En tout, ce sont 26 raffineries, usines de valorisation des sables bitumineux – qui transforment les sables en carburants ou lubrifiants utilisables ensuite dans les raffineries – et installations pétrochimiques qui seront visées.

Pour convaincre les industriels, Ottawa met en avant les économies que va permettre une meilleure détection des fuites, ainsi que les embauches que cette batterie de mesures devrait générer. Celles-ci « aideront les producteurs à économiser une valeur de plus de 1,5 milliard de dollars canadiens (998 millions d’euros) en gaz naturel entre 2018 et 2035 ». « Ces mesures aideront au développement d’une technologie encore plus moderne et à la création de bons emplois dans le secteur pétrolier et gazier », a ainsi fait valoir Mme McKenna.

Mesures retardées

Du côté des environnementalistes, on salue le plan, mais on regrette que plusieurs dispositions soient retardées par rapport aux promesses initiales du gouvernement fédéral. Selon Environmental Defence, ces délais supplémentaires vont provoquer l’émission de 55 millions de tonnes de GES.

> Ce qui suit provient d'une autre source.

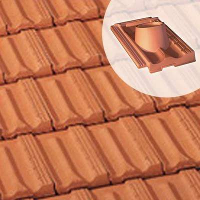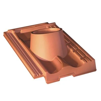 Tuile à douille, en terre cuite, diamètre int. du tuyau d’évacutaion : 120 mm.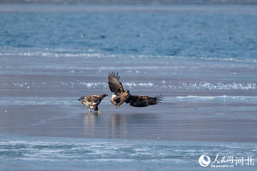 白尾海雕現(xiàn)身石家莊崗南水庫(kù)。 劉洵攝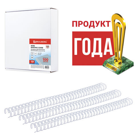 Пружины металлические для переплета, КОМПЛЕКТ 100 штук, 12,7 мм (для сшивания 80-100 листов), белые, BRAUBERG, 530823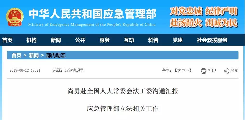 早在今年6月份,应急管理部官网显示,应急管理部党组成员、副部长尚勇带队前往全国人大常委会法工委就我部近期立法修法工作进行沟通汇报,全国人大常委会法工委主任沈春耀主持会议。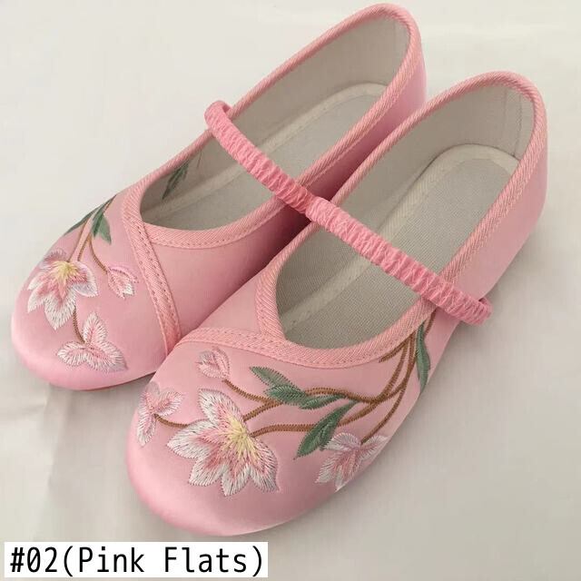 花刺繍女の子バレリーナバレエフラットシューズ中国韓服子供ドレスシューズカーニバルフェスティバルシングルフラット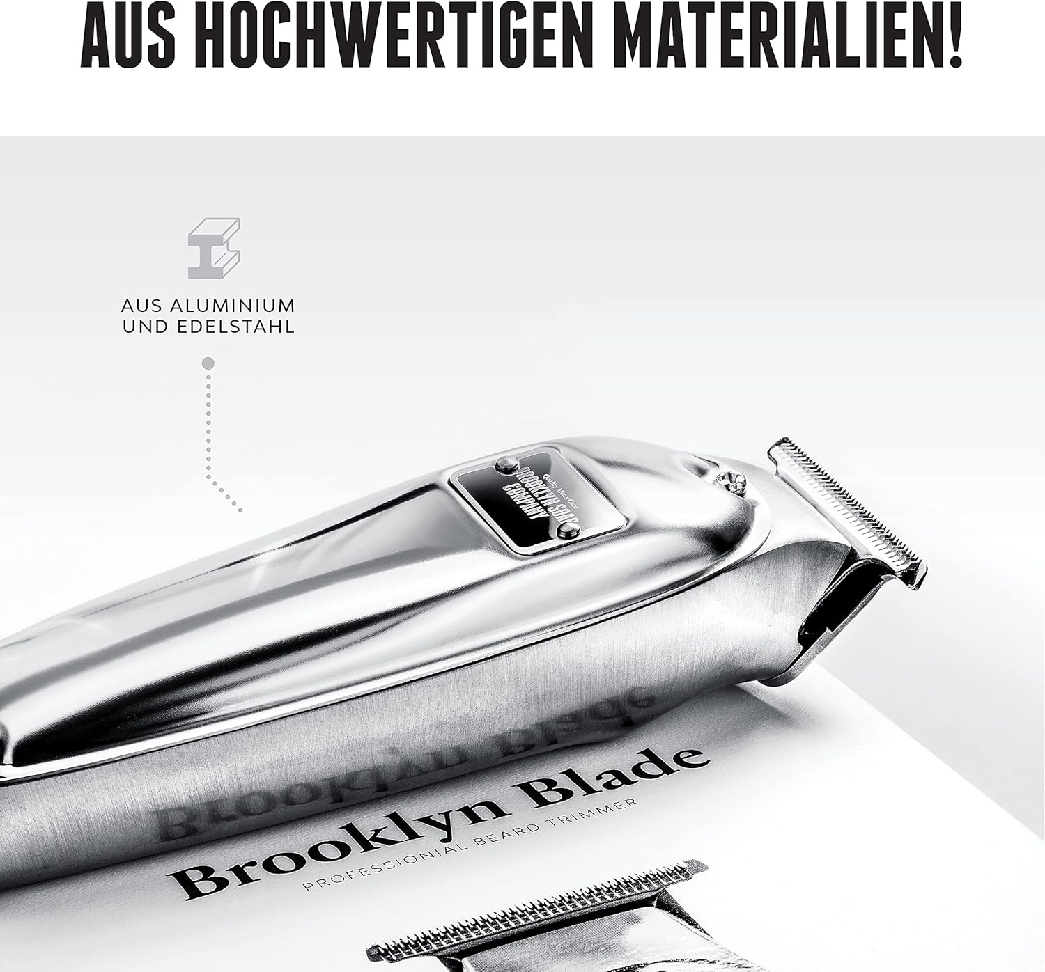 Brooklyn Blade® · Brooklyn Soap Company · professionele baardtrimmer voor thuis · trimmer van roestvrij staal met 5 opzetstukken voor alle baardlengtes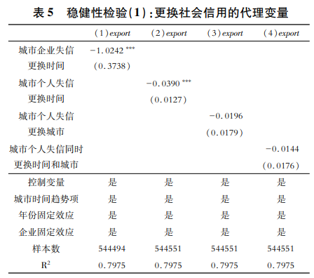 由此提出假說(shuō)5:城市異地失信人比例提高會(huì)降低企業(yè)出口水平。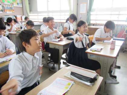 今日新しく学習した漢字は「底」でした。6画目の横画が左から右に向かうこと、全体で確認していました♪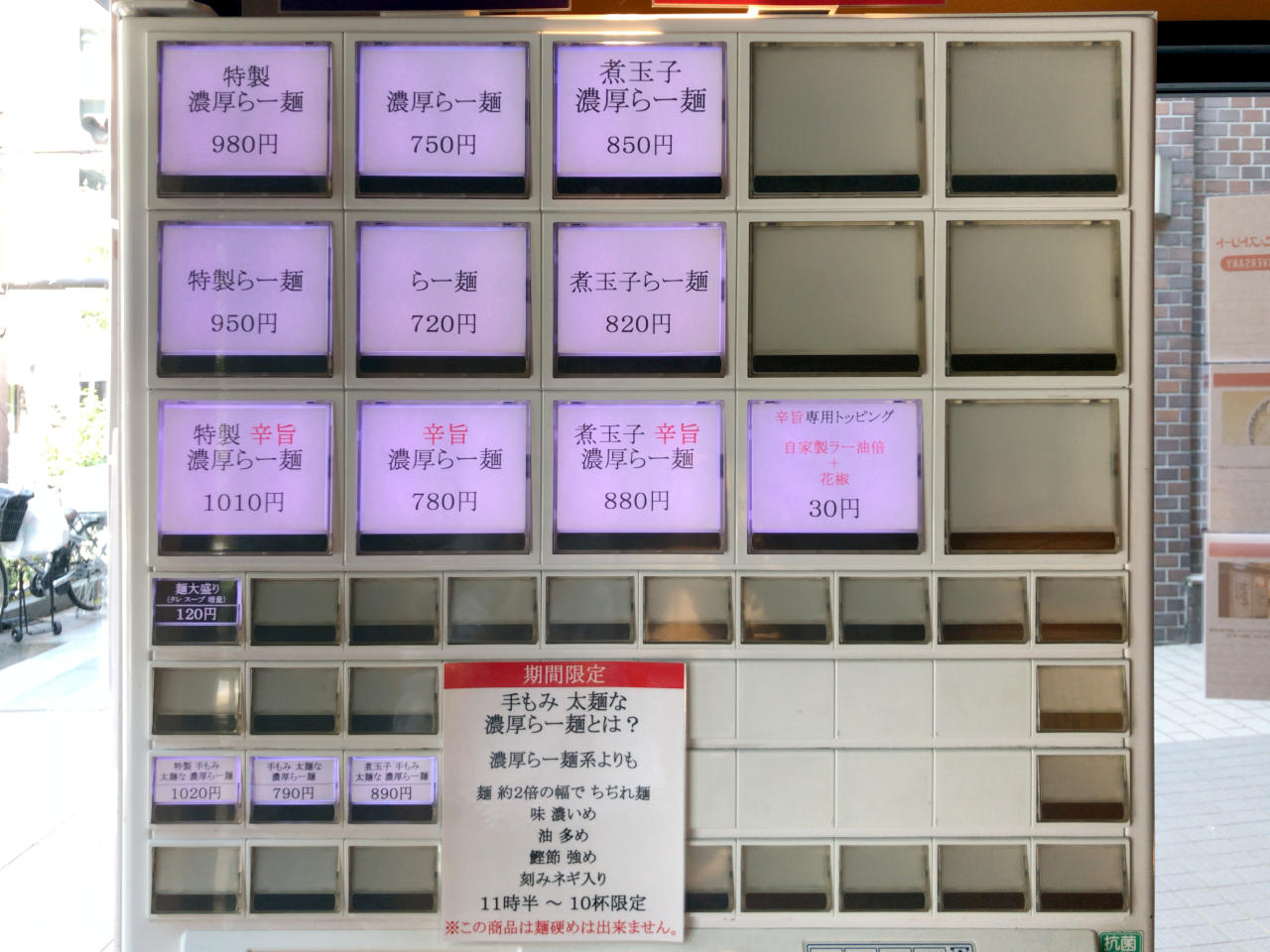 メニューは濃厚らー麺、らー麺、辛旨濃厚らー麺の基本3種類で、それぞれに特製と煮玉子のトッピングによるバリエーションがあります。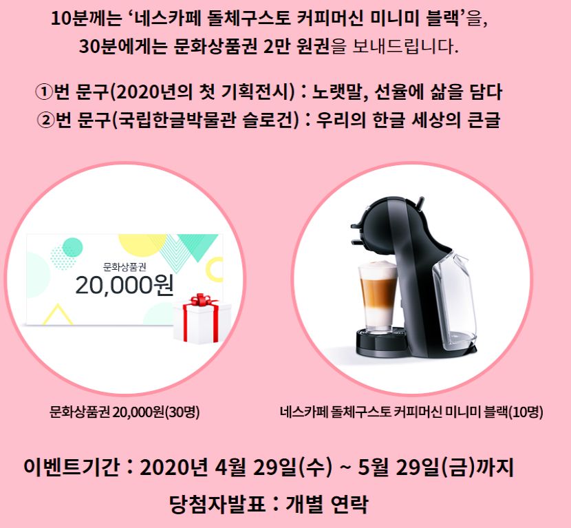대박선물 가~득한,한박웃음 손 글씨 공모전을 개최합니다!, 이벤트 ① - 국립한글박물관 한박웃��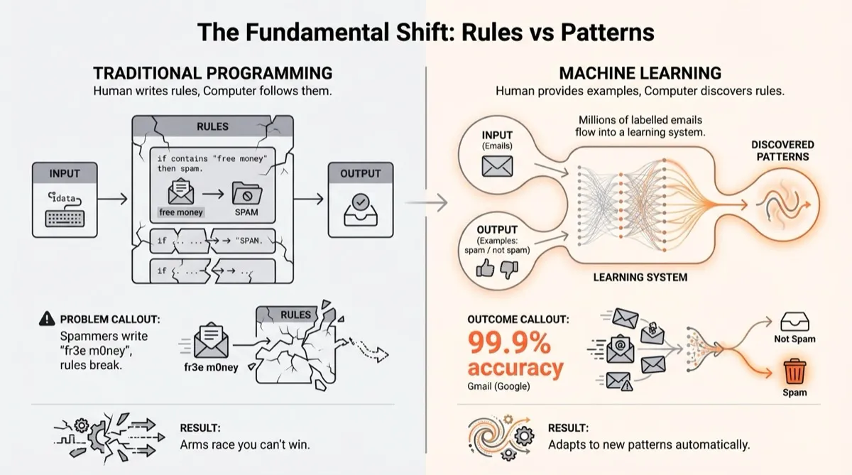 Machine learning takes a completely different approach. Instead of writing rules, you show the system millions of examples. Here are 10 million emails. These ones are spam. These ones aren’t. Figure out the pattern.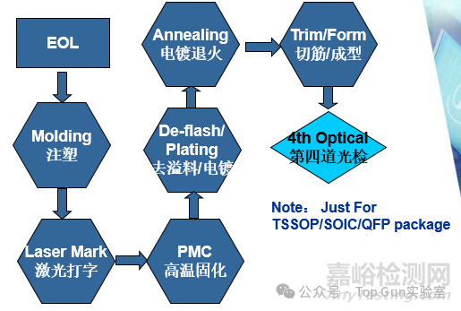 6)Final visual inspection:在低倍放大鏡下,對產(chǎn)品外觀進(jìn)行檢查。主要針對EOL工藝可能產(chǎn)生的廢品:例如Molding缺陷,電鍍?nèi)毕莺蚑rim/Form缺陷等。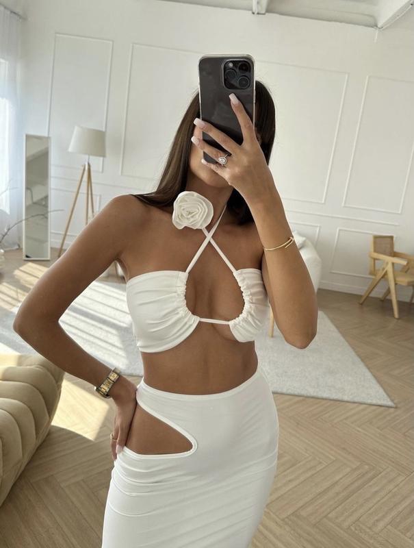 Стильний білий костюм з вирізами та укороченими топом та вирізом

Surtout, en reportant certaines mesures à 2023, le gouvernement prend le risque que le plan ne soit pas entièrement appliqué, puisque, d’ici là, deux élections fédérales auront eu lieu. Et des blocages politiques, ce plan en a déjà subi. En mars 2016, les Etats-Unis de Barack Obama et le Canada avaient annoncé conjointement un plan en la matière. Ce dernier devait s’appliquer d’ici à 2020. Mais l’arrivée au pouvoir de Donald Trump en novembre a retardé les choses. L’absence d’accord, samedi 27 mai, entre les pays présents au G7 sur la question climatique est le dernier exemple en date des blocages possibles.

Retard pour réduire les émissions

Quoi qu’il en soit, la réduction des émissions de méthane est essentielle pour le Canada s’il souhaite atteindre ses objectifs de réduction des émissions de GES. Car le pays a déjà pris du retard par rapport à ses objectifs initiaux. En effet, entre 2005 et 2015, les émissions ont été réduites d’à peine 2,2 %, alors qu’elles devraient être en baisse de 17 % d’ici à 2020 pour espérer atteindre la cible du 30 % en 2030.

Pour réduire davantage ses émissions de GES, le gouvernement a d’ailleurs précisé, le 18 mai, les modalités de sa fameuse taxe carbone qui vise cette fois les émissions de dioxyde de carbone (CO2). Si elle avait déjà annoncé que la taxe s’élèverait à 10 dollars la tonne en 2018 et augmenterait ensuite de 10 dollars par année jusqu’à atteindre 50 dollars en 2022, Ottawa a révélé qu’elle se constituera de deux volets. Le premier concernera les combustibles fossiles (essence, propane, charbon, etc.) et devrait entrer en application au 1er avril 2018. Pour ce qui est de l’essence, la taxe équivaudra à 2,33 centimes le litre d’essence en 2018 et atteindra 11,63 centimes le litre en 2022.

Le second volet visera quant à lui les industries émettrices de CO2. Ottawa établira des normes d’intensité d’émissions. Une entreprise qui dépassera le maximum d’émissions polluantes autorisées par unité de production devra, en quelque sorte, se racheter. Cela s’apparenta à une bourse du carbone puisque les bons élèves pourront échanger leurs crédits d’émissions avec les compagnies plus polluantes.

Pour promouvoir ces mesures, le gouvernement récuse l’appellation de « taxe » et souligne que tout l’argent prélevé sera retourné aux provinces sous une autre forme qui reste encore à déterminer.